I am just trying to get you to wake up and smell the Yuengling, the same as Amy Goodman. The situation is out of control, and all you can do is argue with me about the price. That's why they are winning.

It seems that my formal dress caused you to think I can well afford to spend $49.95 for a website. No, I'm not "quite comfortable," at least at this point in life, and you would do well not to make automatic assumptions. I was all dressed up because I happen to work as a church organist and had a wedding to play that day. True, my son does go to NYU, but it's killing me and my husband to send him there. I also teach a large group of piano students. He's our youngest of three, all of whom excelled in school because we told them that was how they would get scholarship money. We live in a modest house, drive cars that are ten-fourteen years old. I buy all my clothes from consignment shops, occasionally GoodWill.

Education is about the only thing we spend money on.

As far as the $49.95, I'm undecided. But, do you really think that their op-ed writers can answer all their emails?

Talk about automatic assumptions, I don't judge people on the way they are dressed. Besides, I'm not trying to judge you anyway, but to make you think.

How about this? Instead of just paying the fee, which I'm sure if you asked Amy Goodman she would not recommend it, why don't you protest the New York Times charging and maybe they will change their minds? There is an e-mail address on the NYT site for select something or other. I sent them my "fuck you" the other day. Tell them you like reading the paper but can't afford the fee. Maybe it will make a difference. Maybe not.

But whether you resent it or not, it is my job, just like it is Amy's job, to report fairly and accurately what I see. What I see on one hand is a bunch of fairly clueless Birmingham liberals coming to see Amy Goodman because she is a celebrity journalist from New York with a book out, and on the other hand, talking about paying the New York Times a fee for their online content.

Did you just miss the part about them beating the drums for war? How can you support that?

Also, and this is just inside baseball stuff on the media which I understand the public doesn't get, the NYT is just as guilty of a disparity in wealth as the Bush administration. Did you know Maureen Dowd makes $1.2 million a year to write two snarly columns a week? Did you also know that the NYT was paying freelancers like myself $15 an hour to do things out of New Orleans like investigate Trent Lott?

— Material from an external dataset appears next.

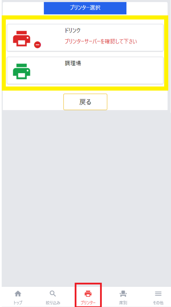 赤色の場合やそもそもプリンターが表示されていない場合、「 キッチン設定画面 」をタップし、手順に沿って進めてください。

My work buried Trent Lott, and the correspondent I worked with did not even give me byline credit. The NYT management slandered Rick Bragg from Alabama for using an intern, but the guy who did not give me credit was a Yale grad from Long Island and they gave him a promotion. He is now the Hollywood bureau chief for the Times.

I appreciate what Amy Goodman is doing, but as far as I'm concerned, she is just another New Yorker with a degree from Harvard who gets all the money and attention, while all kinds of reporters from around here work for slave wages and do a lot of the real work Ms. Goodman puts on the air on her show every day.

Forgive me if I sound pissed off, but the fact is, I am pissed off. I want the people of Birmingham to understand what is going on. That's why I started the Web site in the first place. But after being gone from here for many years, what I find is the same kind of ignorance that I left here to get away from.

If not for my 79-year-old mother who needs me here now, I would not be here. I have little hope that the few protestors there are around here will ever be able to make a difference, although I try to hold out some hope.

Your comments to me are indicative of exactly what I fear. Nothing personal, but shouldn't you be arguing with the little pansy who is the editorial page editor of the Birmingham News? Did you happen to catch his column last week? He didn't want to play the blame game, so he was so fair and balanced that his pathetic little column was wholly inaccurate.

Of course I told him so via e-mail, but they just ignore the criticism because they are a Newhouse corporate chain newspaper and could care less what the smart people in this town think - as long as people keep buying the paper and they make their 20 percent profit.

I wish you well, I really do, but if you pay the NYT after hearing what Amy said, I have nothing else to say to you.